Date: Thu Mar 19 2026 - 18:54:32 EST

"Lorenzo Stoakes (Oracle)" <ljs@xxxxxxxxxx> writes:

> On Wed, Mar 18, 2026 at 11:33:22AM -0700, Roman Gushchin wrote:
>> "Lorenzo Stoakes (Oracle)" <ljs@xxxxxxxxxx> writes:
>>
>> > On Tue, Mar 17, 2026 at 03:31:11PM +0000, Roman Gushchin wrote:
>> >> Hello,
>> >>
>> >> I'm happy to share something my colleagues and I have been working on
>> >> for the last several months:
>> >> Sashiko - an agentic system for Linux kernel changes.
>> >>
>> >> First, Sashiko is available as a service at:
>> >> * https://sashiko.dev
>> >>
>> >
>> > ...
>> >
>> > (For one I'm going to go fix some bugs on my series I saw reported there).
>> >
>> > I think over time as the approach/model is refined this will get a LOT
>> > better, it seems these things can acelerate quickly.
>>
>> Hi Lorenzo,
>>
>> Thank you for kind words!
>
> No problem, thanks for your hard work! :)
>
>>
>> RE false positives: I think Chris's prompts were initially heavily
>> biased towards avoiding false positives, but it comes at the cost of
>> missing real issues (in general, I don't have hard data on % of findings).
>> Now he also is looking to relax it a bit, to my knowledge.
>> But then there are different models in use, different protocols, etc.
>>
>> I also have a notion of issue severity and I was thinking about
>> e.g. sending out only reviews revealing critical & high severity bugs
>> (e.g. memory corruptions & panics). Or maybe send the feedback to the
>> author in any case (e.g. for fixing typos), but cc maintainers only if
>> there are serious concerns.
>>
>> And obviously no pressure, I won't enable any public email sending
>> unless there is a consensus across maintainers of the corresponding
>> subsystem.
>
> I think maybe an opt-in thing might work for some of us?

Absolutely, I think with mm we can start with replying to the author and
a dedicated list of volunteers.

> But yeah we can take our time with this, Andrew is looking, I am for
> sure.

Thank you!

>
> Oh and one data point -
> https://lore.kernel.org/linux-mm/cover.1773846935.git.ljs@xxxxxxxxxx/
>
> Read the v3 change log for a list of the issues it correctly raised for that
> series, so it's definitely useful.
>
> It was about maybe 50/50 noise/signal I think?
>
> But as you can see that's already very useful thank you and has fixed a
> bunch of bugs in that codde!
>
> I'm not sure what Chris is planning, and I keep not going to the AI
> meetings for various reasons (other stuff clashing/away/tired sometimes :)
> but I wonder how we will sync up with Chris's review bot experiments?

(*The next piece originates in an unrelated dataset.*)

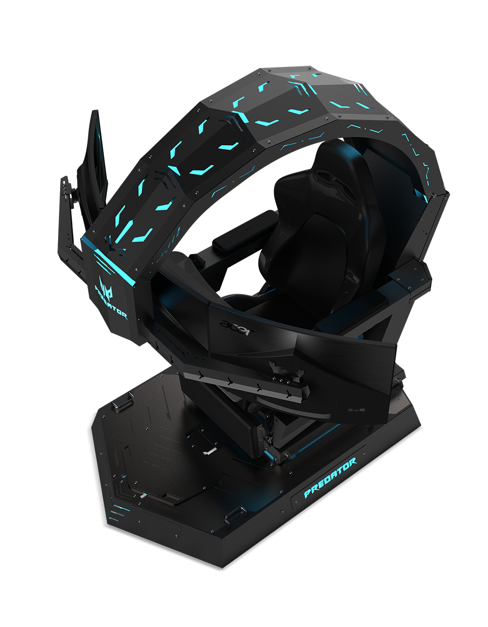 Acer Predator Thronos電競座艙可說是再升級的電競椅,外型上是以鋼骨設計的結構配上 LED 藍光,並採用符合人體工學座椅與腳踏板設計,以及能傾斜多達 140 度的座艙,讓玩家可依需求自行調整角度。在 Acer Predator Thronos電競座艙裡,於頂部的支架能固定多達三台 27 吋電競螢幕,還有空間放置一台 Predator 電競主機,再搭配其他 Predator 耳機、鍵盤、滑鼠…等配件,就組合成為電競打造的電競座艙,玩家在座艙內能夠隨著遊戲效果產生的高強度衝擊和震動,感受更真實的遊戲臨場感。而 Acer 在雙 11 活動期間,推出全球首波預購活動,售價 299,000 元,目前限量三台,消費者可至於 PChome 24h 購物網站上進行預購。

So as Chris said, we're syncing regularly and actively thinking how to
organize it. I think we both want to share as much stuff as possible.

The hard part is that we can't easily test each others setup and it's
all very brittle. Initially I tried to use Chris's prompts directly with
only minimal changes, but it was hard to keep Sashiko stable. Plus the
new multi-stage protocol improved the discovery rate by almost 10%,
which was hard to ignore.

My current thinking (and things evolving quickly, so I might have a
different opinion in a couple of weeks) is that we need to separate
per-subsystem knowledge, make sure it's not containing any imperative
instructions or llm/tools specifics and share it completely. We can move
it to a separate repo or even put into the kernel tree, it's all
debatable. In a way, these prompts should be owned by subsystem
maintainers more than anyone else.

Then there are things which can be shared, but are not subsystem-specific.
E.g. an instruction on how to assess issue severity.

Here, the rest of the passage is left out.